In order to increase the loss weight of the sample categories of the tail class data and reduce the influence of the long-tail effect on the model training, this paper fuses the BCE Loss with the Focal Loss and proposes the BCEF Loss to improve the average identification accuracy of the model. The formula of the BCEF Loss is shown in equations (27) to (29): (27) $A = - α \log {(1 - y')}^{γ} \log (y') y$ (28) $B = (1 - α) {(y')}^{γ} \log (1 - y') (1 - y)$ (29) $L_{B C E F} = (A - B)$

α is the weight factor, which takes a value in the range of α ∈ [0,1] and is used to reduce the weight of the positive or negative category samples with the aim of solving the problem of imbalance in the positive and negative category samples. γ is the adjustable focus parameter, (1 – y′)^γ is the weight value that changes with γ, y′ is the predicted category probability of the model, and y is the true category sample label.

The core idea of this paper is to improve the overall average correct recognition rate of the model by adjusting the focus parameter γ to reduce the loss weight of the head class samples and increase the loss weight of the sparse samples in the tail class. When γ takes the value of 0, BCEFLoss is equivalent to the loss function of binary crossover. When γ takes a gradually increasing value, the overall impact of (1 – y′)^γ on the model will also gradually increase, and the experimental results show that the TAR-DL method proposed in this paper has the best performance when γ = 5.

2.3

DTW-based assessment method for sport dance movements

In order to further assess the completion quality of prescribed movements in sport dance, this paper develops a movement assessment strategy. The training set was selected to integrate the prescribed movement template, and at the same time, the qualified range of movement quality was determined, collectively known as the range of movement similarity index, through which the range of similarity index was used to determine the grade to which the prescribed movements belonged to, so as to achieve the purpose of movement quality assessment. The data in the test set are used as the actual action sequences, and the optimized DTW algorithm is used as the evaluation model, which calculates the action similarity index by comparing the actual action sequences with the sequence of prescribed action templates, and then determines the action quality grade in the action evaluation grade table, and then evaluates and provides targeted guidance to the actual actions according to the grade [26].

2.3.1

Action similarity and rating assessment

The DTW algorithm can be seen as employing a dynamic programming strategy to search for the minimum path of two time series of unequal lengths.
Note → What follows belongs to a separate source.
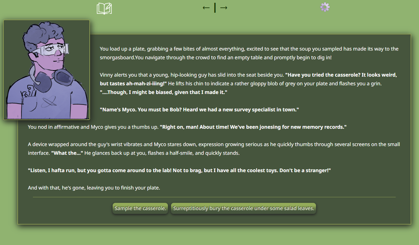 This is a point and click interactive fiction story with educational elements.

By aligning the two sequences, the algorithm is able to measure the similarity between them more precisely. Similarly, DTW has a strong potential for application in sports dance movement quality assessment. It can match the realistic movement sequences with the template movement sequences, calculate the similarity between them, and provide a scientific basis for assessing movement normality and precision.

The main idea is: Let there be two different time sequences of the same sport dance movement, sequence C and sequence Q, with time lengths of M and N, respectively: (30) $\begin{array}{l} C = C_{1}, C_{2}, \dots, C_{i}, \dots C_{M} \\ Q = Q_{1}, Q_{2}, \dots, Q_{j}, \dots Q_{N} \end{array}$

The correspondence of sequence points between Sequence C and Sequence Q in each frame before and after dynamic time planning is shown in Fig. 4.

The process of utilizing the DTW algorithm for sports dance movement evaluation is as follows:

First, in order to align sequence C and sequence Q, a 2D matrix R of M*N needs to be constructed. R(m,n) denotes the Euclidean distance when the m th point of sequence C is aligned with the n th point of sequence Q, i.e., R(m,n) denotes the Euclidean distance value d(m,n) when C_m is aligned with Q_n.

Let D(C,Q) be the total distance of a path, i.e., the cumulative sum of the distance values d(1,1) from C₁ and Q₁, through the distance values d(i,j) from C_i(1 ≤ i ≤ M) and Q_j(1 ≤ j ≤ N), as shown in Eq. (31): (31) $D (C, Q) = \sum d (i, j), 1 \leq i \leq M, 1 \leq j \leq N$

There exists a shortest path in D(C,Q) for the global path optimal solution, and this shortest path needs to satisfy the following three conditions: 1)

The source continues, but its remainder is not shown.